Correct: B — Selective retry is the core efficiency of the custom_id pattern. Re-submitting all 2,000 (A, D) wastes 1,900 API calls on already-successful documents. Option C incorrectly treats context failures as permanent — truncation frequently recovers the most important fields (headers are usually at the top). Note: max_tokens affects output length, not input context window size (A is also wrong on this point).

A finance team needs all invoice extractions by 9:00 AM Monday. They receive invoices Friday afternoon and plan to use Batch API (max 24h). What is the latest time Friday they can submit?

A) 9:00 AM Friday — 24 hours before Sunday 9:00 AM, which is before the Monday deadline
B) 5:00 PM Friday — end of business
C) Any time Friday — the batch always completes well before 24 hours
D) The Batch API should not be used; process synchronously as invoices arrive Friday

Correct: A — Batch API maximum is 24 hours.

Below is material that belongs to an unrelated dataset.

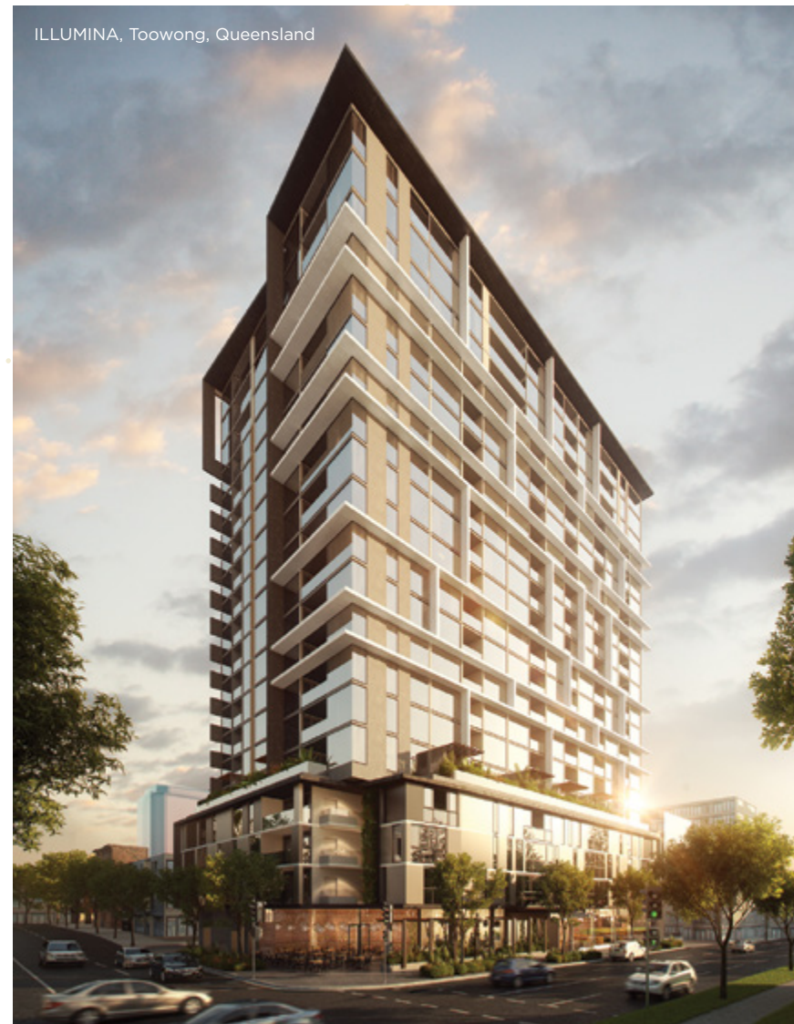
ILLUMINA, Toowong, Queensland

CWG International is one of the most awarded Property Developers in China and has delivered high quality large scale projects surpassing AUD$1.5 Billion in project value consisting of schools, commercial buildings, business parks and luxury residential apartments. CWG International currently has AUD$1.6 Billion in the pipeline in China.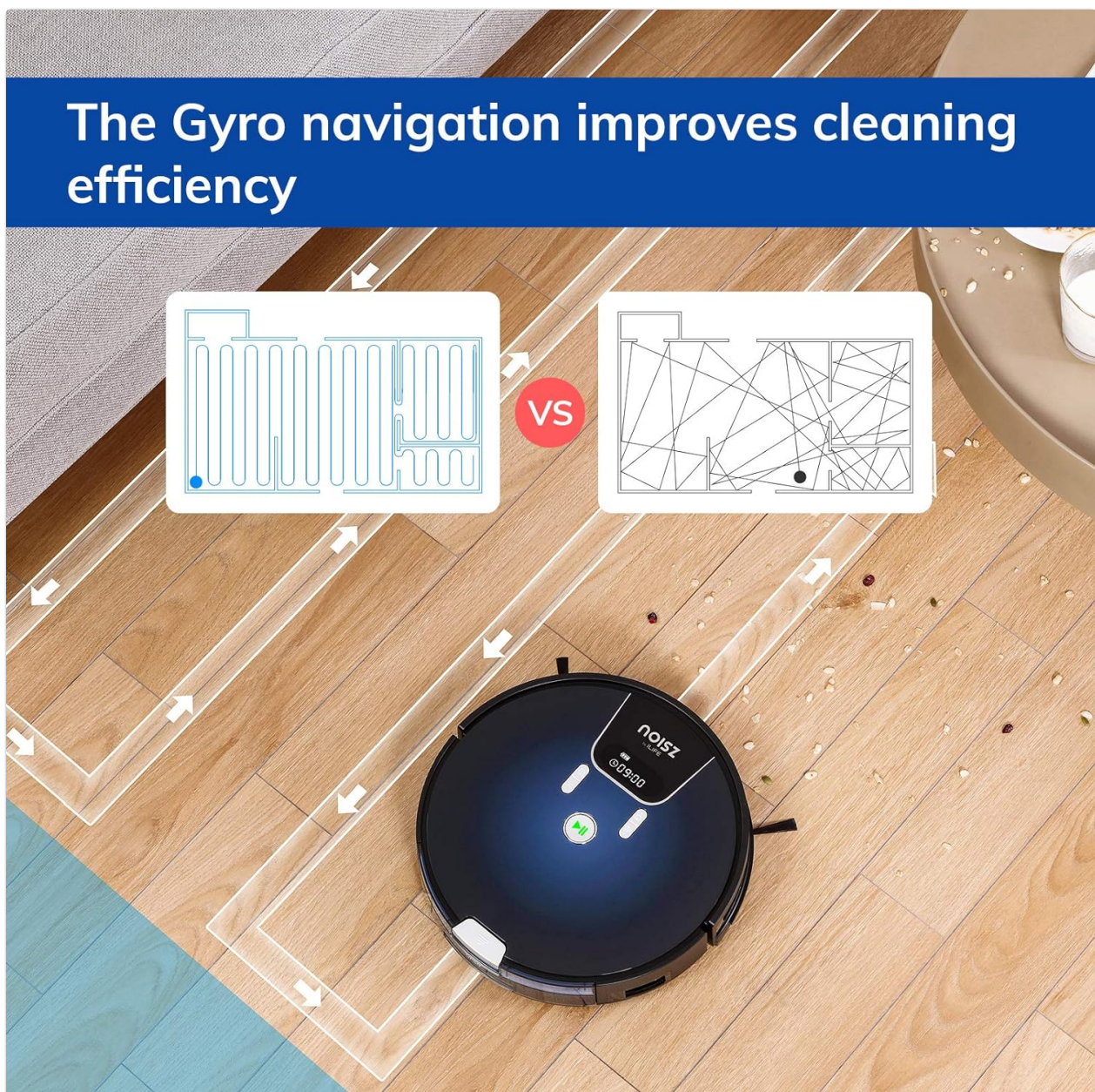
Figure 2: The robot utilizes gyroscope navigation for efficient, row-by-row cleaning.

To guarantee results by 9AM Monday, submit no later than 9AM Sunday. Submitting at 9AM Friday (48 hours before deadline) gives a 24-hour buffer for the batch plus 24 hours buffer for failure handling/retry batch. 5PM Friday (B) is only ~40 hours before Monday 9AM — no guarantee with a 24h maximum. "Often faster" (C) is not a guarantee.

Your pipeline shows 97% overall accuracy in weekly audits. Manager proposes reducing the auto-process audit rate from 5% to 1% to save human review costs. What is the risk?

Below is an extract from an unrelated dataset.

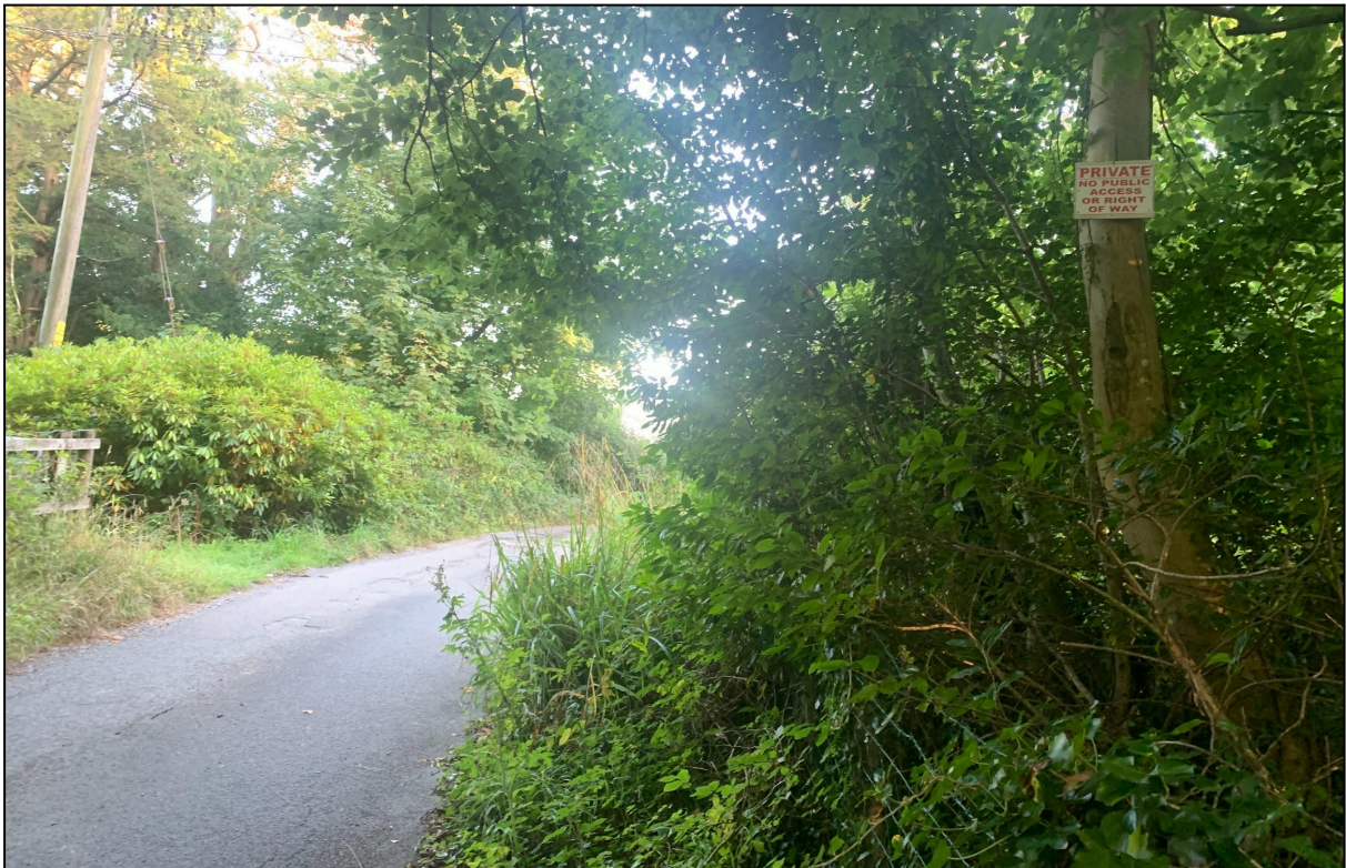
13.8 A Private - No Public Access or Right Of Way” sign was placed in the tree after the railway bridge

A) No significant risk — 97% accuracy means the pipeline is reliable
B) Reducing audit rate increases per-unit audit costs without improving accuracy
C) The 97% overall accuracy may hide much higher error rates for specific document subtypes; reducing audit rate makes it harder to detect systematic miscalibration
D) Reducing to 1% violates Batch API terms of service

Correct: C — 97% overall accuracy can mask a 40% error rate for a small but important subtype. Example: 940 standard invoices at 99% accuracy (9 errors) + 60 academic licenses at 60% accuracy (24 errors) = 96.7% overall — but sampling mostly from the 94% standard invoices would rarely catch the academic license problem. Stratified sampling specifically audits across document types.

Your team debates adding a "formality score" — a second model call that rates how formal the invoice language is — as a routing signal, arguing formal invoices are more reliable. What is the correct assessment?

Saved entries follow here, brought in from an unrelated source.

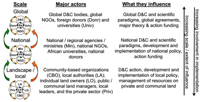
Fig. 2. Roles of the researchers, policy facilitators, and community facilitators in the spanning of boundaries among different actors and what those actors influenced at different scales. D&C, development and conservation; Rs, researchers; PF, policy facilitator; CF, community facilitator.

We then constructed a boundary-spanning team of members, each of whom had a responsibility to span boundaries between institutions at different, nested scales (Fig. 2). At the global level, we asked each of the international scientists on the core team to connect the team’s work with international conservation and development organizations and teams [like the United Nations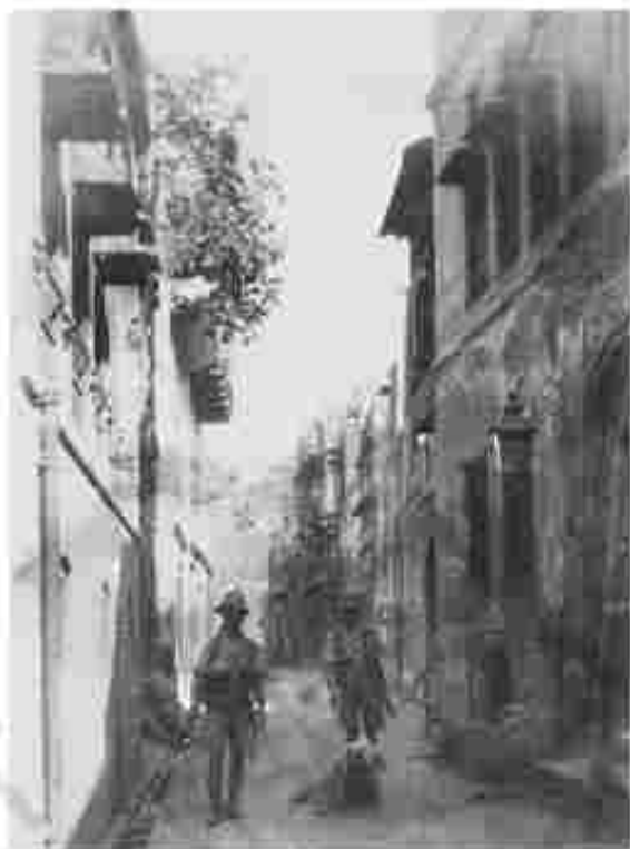
Fig. 3 – General Dyer's 'crawling orders' being administered by British soldiers, Amritsar, Punjab, 1919.

While the Rowlatt satyagraha had been a widespread movement, it was still limited mostly to cities and towns. Mahatma Gandhi now felt the need to launch a more broad-based movement in India. But he was certain that no such movement could be organised without bringing the Hindus and Muslims closer together. One way of doing this, he felt, was to take up the Khilafat issue. The First World War had ended with the defeat of Ottoman Turkey. And there were rumours that a harsh peace treaty was going to be imposed on the Ottoman emperor – the spiritual head of the Islamic world (the Khalifa). To defend the Khalifa's temporal powers, a Khilafat Committee was formed in Bombay in March 1919. A young generation of Muslim leaders like the brothers Muhammad Ali and Shaukat Ali, began discussing with Mahatma Gandhi about the possibility of a united mass action on the issue. Gandhi saw this as an opportunity to bring Muslims under the umbrella of a unified national movement. At the Calcutta session of the Congress in September 1920, he convinced other leaders of the need to start a non-cooperation movement in support of Khilafat as well as for swaraj .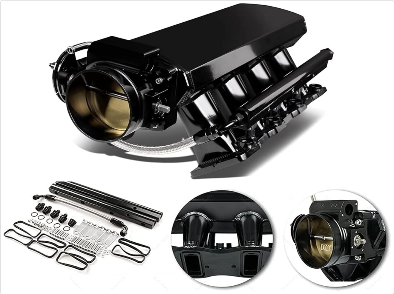
Figure 1: Complete TOM 102mm Heads Intake Manifold Kit, including the manifold, throttle body, and fuel rails.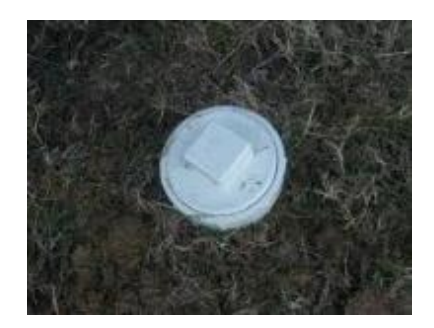
How to locate sanitary clean-out: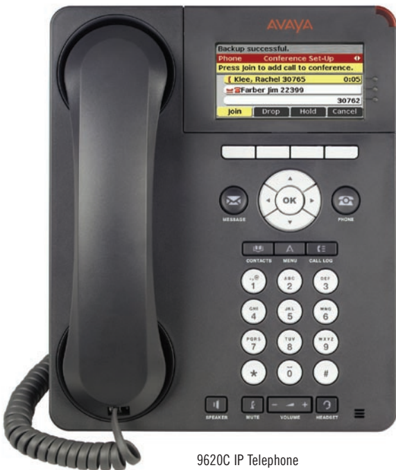
9620C IP Telephone

With the evolution of today's smart phones, PDAs, user interface design has made great leaps forward. Avaya's 9600 Series of IP Telephones have a clear and elegant interface. High resolution graphical displays make it easier to read contextual menus, prompts and instructions – anticipating your intentions and needs. Critical functions like call transfer, conferencing and forwarding are easy for beginner or veteran alike. Softkeys right on the display itself, along with scrolling menus, guide you through every process. Even third-party applications such as company-wide corporate directories can be invoked and used easily. The user interface is consistent across the entire

A) Good addition — formal language correlates with structured data, which correlates with extraction accuracy
B) Should replace confidence_score — more objective than model self-assessment
C) Not a reliable signal — formality of language does not determine extraction accuracy; the existing confidence_score already captures extraction uncertainty directly
D) Should be used only for invoices below $1,000 to avoid over-engineering

Correct: C — Formality correlates weakly with data quality. Jake's informal invoice is perfectly extractable — all required data is present, just expressed informally. A formal-looking document with fabricated amounts would score high on formality but fail validation. Adding a second model call doubles cost without reliable signal. confidence_score from the extraction call is a direct measure of extraction uncertainty.

Claude extracts vendor_name: "Acme Corp" but a line item description reads "Payment from Pinnacle Tech — per agreement dated Oct 15." Your validation detects this conflict. Which pattern best handles this?

A) Reject the extraction — conflicting information means it is invalid
B) Route to auto_process — vendor_name and invoice_number are structurally valid
C) Add a conflict_detected flag to metadata and route to human review with the specific conflict noted
D) Retry with feedback asking Claude to re-read and confirm the vendor name

Correct: C — The conflict_detected pattern surfaces the inconsistency to human reviewers. Acme Corp might be correct (invoicing on behalf of a pass-through agreement with Pinnacle Tech) or the extraction might be wrong. Only a human with business context can resolve this. Option A is too aggressive — extraction may be correct. Option B ignores a real quality signal. Option D won't help — the ambiguity is business-context, not a parsing error.